Of course, I have not perfected the process, and sometimes I catch myself after freaking out for no real good reason known to man. But it is a process, and I am human, and as long as I’m mindful of those two things I consider myself two steps ahead of the game… Instead of finding myself ten steps back.
For those who aren’t aware, I lost my altar to a fire two weeks ago on a Wednesday, as captured in the below pictures. The first picture was taken the night before it happened, the second the night of, and the third the next morning. The fire was caused by the protection candle I had lit exploding (you can see the remains of the candle on the balcony). The IG caption was aimed at Mr. McKinnon who had gone MIA four days before and, as you can see, there was absolutely nothing left of my altar and the fire remained contained to that spot.

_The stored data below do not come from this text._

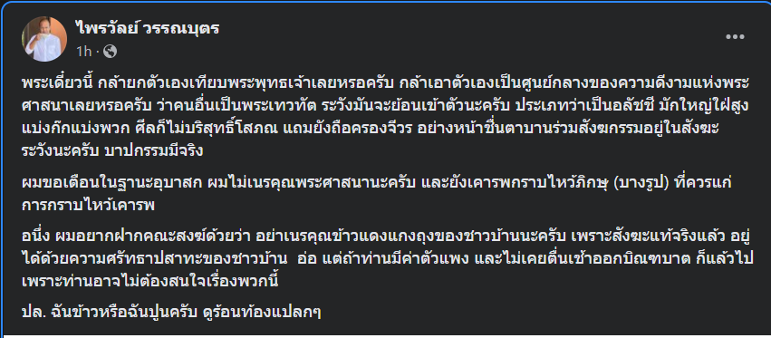 ล่าสุด ไพรวัลย์ วรรณบุตร หรือ ทิดไพรวัลย์ได้โพสต์เฟซบุ๊ก แสดงความคิดเห็นในเรื่องดังกล่าวว่า “พระเดี๋ยวนี้ กล้ายกตัวเองเทียบพระพุทธเจ้าเลยเหรอครับ กล้าเอาตัวเองเป็นศูนย์กลางของความดีงามแห่งพระศาสนาเลยเหรอครับ ว่าคนอื่นเป็นพระเทวทัต ระวังมันจะย้อนเข้าตัวนะครับ ประเภทว่าเป็นอลัชชี มักใหญ่ใฝ่สูง แบ่งก๊กแบ่งพวก ศีลก็ไม่บริสุทธิ์โสภณ แถมยังถือครองจีวร อย่างหน้าชื่นตาบานร่วมสังฆกรรมอยู่ในสังฆะ ระวังนะครับ บาปกรรมมีจริง
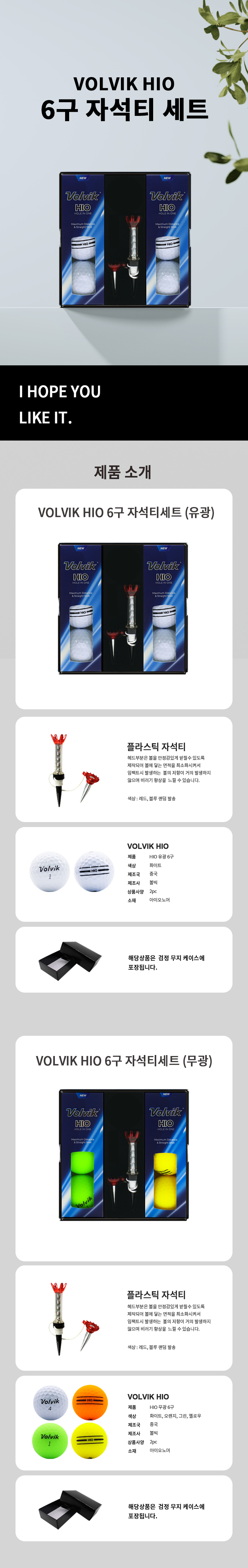• 볼빅 하이오 6구 자석티 세트 (2pc) 골프공
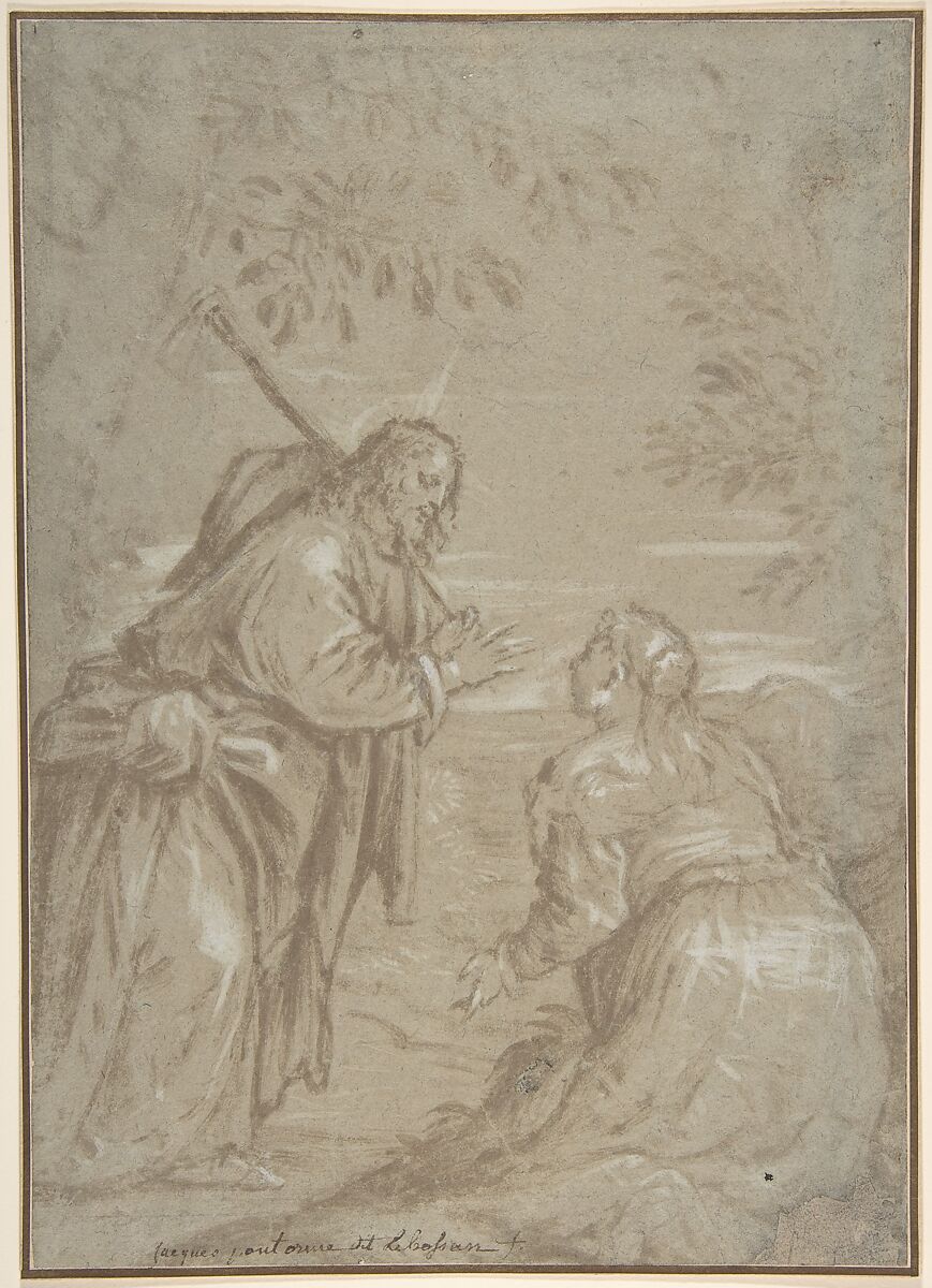 In this expressively pictorial composition of the "Noli me tangere" (John 20:14-18), done quickly with the brush and brown wash with white gouache highlights, the resurrected Christ, in the guise of a gardener, stands at left before the kneeling Saint Mary Magdalen on the right, who is seen from behind. The present sheet, acquired in 2008, marks a new addition to Jacopo Bassano's oeuvre, who is best known for his innovative pastel drawings.

I believe in signs, Magickal Readers, and this was a very big one. I have *never* had a candle explode, and I leave them burning unattended all the time.The candle was basically me giving way to all the stress I’ve been bottling up for the past three years, and the altar was the Life I’ve been settling for over the past year. This is an unquestionable message from the Universe that it’s time to stop fucking around. It’s time to stop settling… It’s time to step onto The Path and walk it like a catwalk… It’s time to release all the shit that’s served as a weight… IT’S TIME TO CUT THE GAMES AND GLOW THE FUCK UP!
Magickal Readers… If you are in The Valley right now, feel free to take my experience as your message that it’s time to ascend and take back your personal power. Snatch that shit back like you own it… Because you do! Let this be a lesson that once you answer the call to practice, the Universe will only let you procrastinate for so long before it drop kicks you out of your safety nest. I have been losing things for the past year, all the while ignoring the message behind each loss, until now when it has become clear, Source is not fucking around with me anymore. It’s time. It’s past time. Work needs to be done and moves need to be made, and ain’t nobody else gonna do it or make them for me. Or you.
Get to work, Magickal Readers! No more broom closets. No more “wait and see”. No more Life Hokey Pokey.